Before the introduction of the ANALYZE GRAPH
query, the database would choose
an index solely based on the number of indexed nodes. But if the number of nodes
is the only condition, in some cases the database would choose a non-optimal
index. Once the ANALYZE GRAPH
is run, Memgraph analyzes the distribution of
property values and can select a more optimal label-property index, the one with
the smallest average property value size.
The average property value's group size directly represents the database's expected number of hits which can be used to estimate the query's cost. When the average group size is the same, the chi-squared statistic is used to measure how close the distribution of property-value group size is to the uniform distribution. The index with a distribution closest to the uniform distribution is selected.
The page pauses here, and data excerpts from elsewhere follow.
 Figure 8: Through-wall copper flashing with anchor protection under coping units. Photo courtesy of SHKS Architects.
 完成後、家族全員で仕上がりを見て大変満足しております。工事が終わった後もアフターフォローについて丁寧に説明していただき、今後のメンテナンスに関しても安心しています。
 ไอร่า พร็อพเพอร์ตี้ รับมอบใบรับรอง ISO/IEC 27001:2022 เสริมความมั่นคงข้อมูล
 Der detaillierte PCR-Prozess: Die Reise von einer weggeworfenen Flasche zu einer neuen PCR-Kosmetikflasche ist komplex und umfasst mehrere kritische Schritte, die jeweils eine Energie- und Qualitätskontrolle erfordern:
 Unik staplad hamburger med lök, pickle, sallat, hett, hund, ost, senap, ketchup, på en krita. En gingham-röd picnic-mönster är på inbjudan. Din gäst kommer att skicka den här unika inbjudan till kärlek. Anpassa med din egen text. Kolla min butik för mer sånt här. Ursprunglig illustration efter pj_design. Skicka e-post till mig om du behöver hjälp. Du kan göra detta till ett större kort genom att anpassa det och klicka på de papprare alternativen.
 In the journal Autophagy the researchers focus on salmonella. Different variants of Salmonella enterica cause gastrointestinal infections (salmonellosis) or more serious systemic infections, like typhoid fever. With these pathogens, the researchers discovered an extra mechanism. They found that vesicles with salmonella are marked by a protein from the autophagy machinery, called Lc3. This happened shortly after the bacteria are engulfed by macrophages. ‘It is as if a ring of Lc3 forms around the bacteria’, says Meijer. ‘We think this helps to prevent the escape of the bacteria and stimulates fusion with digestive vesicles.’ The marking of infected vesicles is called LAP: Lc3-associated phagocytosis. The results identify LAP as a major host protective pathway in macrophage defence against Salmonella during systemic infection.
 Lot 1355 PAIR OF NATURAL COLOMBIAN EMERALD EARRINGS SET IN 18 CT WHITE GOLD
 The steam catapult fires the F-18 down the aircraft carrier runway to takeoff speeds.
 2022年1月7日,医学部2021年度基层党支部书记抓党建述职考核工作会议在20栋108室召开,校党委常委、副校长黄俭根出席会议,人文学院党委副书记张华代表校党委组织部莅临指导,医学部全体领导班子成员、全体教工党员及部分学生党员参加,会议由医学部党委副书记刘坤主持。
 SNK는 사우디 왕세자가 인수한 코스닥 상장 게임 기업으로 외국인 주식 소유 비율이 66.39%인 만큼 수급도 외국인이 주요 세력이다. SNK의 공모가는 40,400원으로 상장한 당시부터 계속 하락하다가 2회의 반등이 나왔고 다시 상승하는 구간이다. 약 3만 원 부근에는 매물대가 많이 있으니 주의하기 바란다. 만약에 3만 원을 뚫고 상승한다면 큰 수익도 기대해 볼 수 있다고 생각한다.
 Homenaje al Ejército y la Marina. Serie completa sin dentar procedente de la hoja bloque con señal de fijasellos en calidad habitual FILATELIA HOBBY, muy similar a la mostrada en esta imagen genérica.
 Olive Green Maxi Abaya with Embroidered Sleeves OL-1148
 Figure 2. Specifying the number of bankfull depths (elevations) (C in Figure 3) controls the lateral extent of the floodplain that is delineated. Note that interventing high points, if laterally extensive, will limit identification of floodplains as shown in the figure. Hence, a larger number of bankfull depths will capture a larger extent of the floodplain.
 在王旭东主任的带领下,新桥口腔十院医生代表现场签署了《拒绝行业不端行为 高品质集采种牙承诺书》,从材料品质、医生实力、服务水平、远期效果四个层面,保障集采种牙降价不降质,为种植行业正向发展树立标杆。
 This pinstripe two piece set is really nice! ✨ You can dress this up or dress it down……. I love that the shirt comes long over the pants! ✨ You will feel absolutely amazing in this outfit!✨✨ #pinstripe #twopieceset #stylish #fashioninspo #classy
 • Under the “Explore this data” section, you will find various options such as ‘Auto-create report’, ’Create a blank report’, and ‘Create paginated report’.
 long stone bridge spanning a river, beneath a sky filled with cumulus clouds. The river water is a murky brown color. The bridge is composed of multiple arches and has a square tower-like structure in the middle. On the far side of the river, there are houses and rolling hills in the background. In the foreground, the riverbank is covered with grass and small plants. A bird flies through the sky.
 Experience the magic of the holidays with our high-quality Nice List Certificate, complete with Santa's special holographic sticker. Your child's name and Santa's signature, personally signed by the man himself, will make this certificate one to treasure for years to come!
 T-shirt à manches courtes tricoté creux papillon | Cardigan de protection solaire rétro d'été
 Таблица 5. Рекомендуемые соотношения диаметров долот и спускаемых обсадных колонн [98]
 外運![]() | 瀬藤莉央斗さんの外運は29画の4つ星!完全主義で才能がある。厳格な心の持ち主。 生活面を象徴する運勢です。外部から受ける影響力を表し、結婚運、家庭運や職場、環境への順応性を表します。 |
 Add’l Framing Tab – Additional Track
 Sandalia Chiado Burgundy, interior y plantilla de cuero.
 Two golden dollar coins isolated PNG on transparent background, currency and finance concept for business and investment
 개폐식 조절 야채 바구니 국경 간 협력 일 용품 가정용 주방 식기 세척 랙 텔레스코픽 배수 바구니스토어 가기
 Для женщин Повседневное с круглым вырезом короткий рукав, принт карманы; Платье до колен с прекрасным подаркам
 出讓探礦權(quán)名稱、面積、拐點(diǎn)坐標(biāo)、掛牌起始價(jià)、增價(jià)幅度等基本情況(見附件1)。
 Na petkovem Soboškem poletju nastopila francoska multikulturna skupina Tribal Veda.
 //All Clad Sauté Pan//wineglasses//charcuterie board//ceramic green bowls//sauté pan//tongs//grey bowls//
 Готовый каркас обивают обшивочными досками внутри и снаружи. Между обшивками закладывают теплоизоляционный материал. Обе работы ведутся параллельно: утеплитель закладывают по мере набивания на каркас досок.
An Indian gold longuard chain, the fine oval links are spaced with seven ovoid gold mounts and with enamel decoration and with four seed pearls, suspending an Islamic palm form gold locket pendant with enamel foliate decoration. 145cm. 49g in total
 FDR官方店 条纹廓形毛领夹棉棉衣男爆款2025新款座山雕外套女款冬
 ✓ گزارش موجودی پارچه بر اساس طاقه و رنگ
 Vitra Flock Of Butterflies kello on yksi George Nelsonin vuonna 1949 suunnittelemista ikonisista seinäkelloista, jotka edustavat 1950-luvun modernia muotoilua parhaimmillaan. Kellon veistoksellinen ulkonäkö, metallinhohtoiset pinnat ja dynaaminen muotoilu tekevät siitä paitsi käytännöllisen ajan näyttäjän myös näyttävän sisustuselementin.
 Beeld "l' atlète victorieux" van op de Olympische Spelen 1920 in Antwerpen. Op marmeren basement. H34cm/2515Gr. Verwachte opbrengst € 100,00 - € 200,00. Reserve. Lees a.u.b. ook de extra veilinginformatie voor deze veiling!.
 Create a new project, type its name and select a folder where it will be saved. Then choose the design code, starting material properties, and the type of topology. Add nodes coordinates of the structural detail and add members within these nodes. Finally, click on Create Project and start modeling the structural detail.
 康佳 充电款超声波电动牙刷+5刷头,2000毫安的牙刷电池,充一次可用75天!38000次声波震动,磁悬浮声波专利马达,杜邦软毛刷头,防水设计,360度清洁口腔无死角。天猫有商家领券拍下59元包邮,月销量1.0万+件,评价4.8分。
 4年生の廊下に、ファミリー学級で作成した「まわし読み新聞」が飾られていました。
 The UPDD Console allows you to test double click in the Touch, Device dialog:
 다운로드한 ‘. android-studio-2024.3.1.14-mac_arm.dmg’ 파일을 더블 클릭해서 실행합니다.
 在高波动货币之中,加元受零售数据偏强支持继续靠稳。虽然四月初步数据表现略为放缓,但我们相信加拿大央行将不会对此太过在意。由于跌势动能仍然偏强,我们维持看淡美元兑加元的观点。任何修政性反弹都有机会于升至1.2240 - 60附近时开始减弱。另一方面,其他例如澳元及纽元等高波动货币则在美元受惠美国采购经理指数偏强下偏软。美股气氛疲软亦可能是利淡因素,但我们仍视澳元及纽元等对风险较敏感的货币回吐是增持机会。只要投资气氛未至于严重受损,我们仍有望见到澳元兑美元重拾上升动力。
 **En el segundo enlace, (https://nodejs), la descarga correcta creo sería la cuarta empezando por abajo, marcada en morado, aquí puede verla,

Upon running the ANALYZE GRAPH
query, Memgraph also check the node degree of
every indexed nodes and calculates the average degree. By having these values,
Memgraph can make a more optimal MERGE
expansion and improve performance. It's
always better to perform a MERGE
by expanding from the node that has a lesser
degree than the connecting node.
The ANALYZE GRAPH;
command should be run only once after all indexes have been
created and nodes inserted in the database. In rare situations when one property
is set on many more nodes than another property, choosing an index based on
average group size and uniform distribution would be misleading. That's why the
database always selects the label-property index with >= 10x fewer nodes than
the other label-property index.
Calculate the statistic
Run the following query to calculate the statistics:
ANALYZE GRAPH;
The query will iterate over all label and label-property indices in the database and calculate the average group size, chi-squared statistic and avg degree for each one, then return the following output:
label | property | num estimation nodes | num groups | avg group size | chi-squared value | avg degree |
---|---|---|---|---|---|---|
index's label | index's property | number of nodes used for estimation | number of distinct values the property contains | average group size of property's values | value of the chi-squared statistic | average degree of the indexed nodes |
Once the necessary information is obtained, Memgraph can choose the optimal
index and MERGE
expansion. If you don't want to run the analysis on all labels,
you can specify which labels to use by adding the labels to the query:
ANALYZE GRAPH ON LABELS :Label1, :Label2;
Delete statistic
If you want the database to ignore information about the average group size, the chi-squared statistic and the average degree, the existing statistic can be deleted by running:
ANALYZE GRAPH DELETE STATISTICS;
The results will contain all label-property indices that were successfully deleted:
label | property |
---|---|
index's label | index's property |
Specific labels can be specified with the construct ON LABELS
:
ANALYZE GRAPH ON LABELS :Label1 DELETE STATISTICS;